Racial Prejudice Has Always Influenced Black Health Outcomes

soldier standing in the middle of two armed groups of people
Via Picryl
Leslie Taylor-Grover
March 4, 2022

After the Civil War, the cruel and lasting effects of enslavement and white terrorism left many Black bodies deformed, diseased, and malnourished. Many children died in infancy, and those of us who weren’t physically disabled still had poor health. So we organized and demanded government help – and the laws changed!

Congress created the Freedmen’s Bureau – but it wasn’t because they cared about Black health. The agricultural industry was failing without enslavement, and white people weren’t skilled or industrious enough to save it – they needed laborers. And there was something else.

President Lincoln turned over control of health care to the very states that wanted Black people to go back to enslavement! Though medical care was available, it was still substandard. There was one other factor that finally ruined the program.

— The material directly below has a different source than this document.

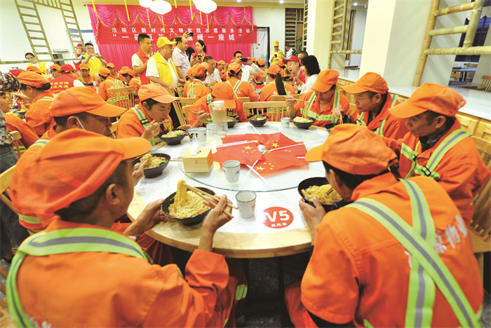 环卫工人欢聚一堂同吃国庆寿面
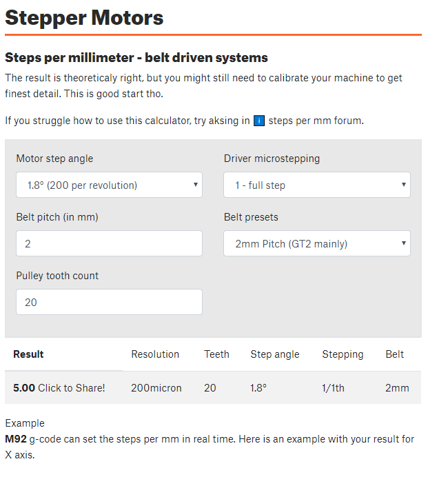 스테핑 모터 벨트 방식 거리 계산해주는 홈페이지

White people! They fought against the program until the federal government finally just gave up. Since then, each time Black people begin to experience equality, white people found ways to block progress. Today a similar gap in healthcare between Black people and white people still exists.

We deserve to be healthy. White people fought against our health then, and they fight against it now. Nevertheless, the bottom line is still this: to ever get truly healthy, we HAVE to address the racism and white terrorism that makes us sick in the first place!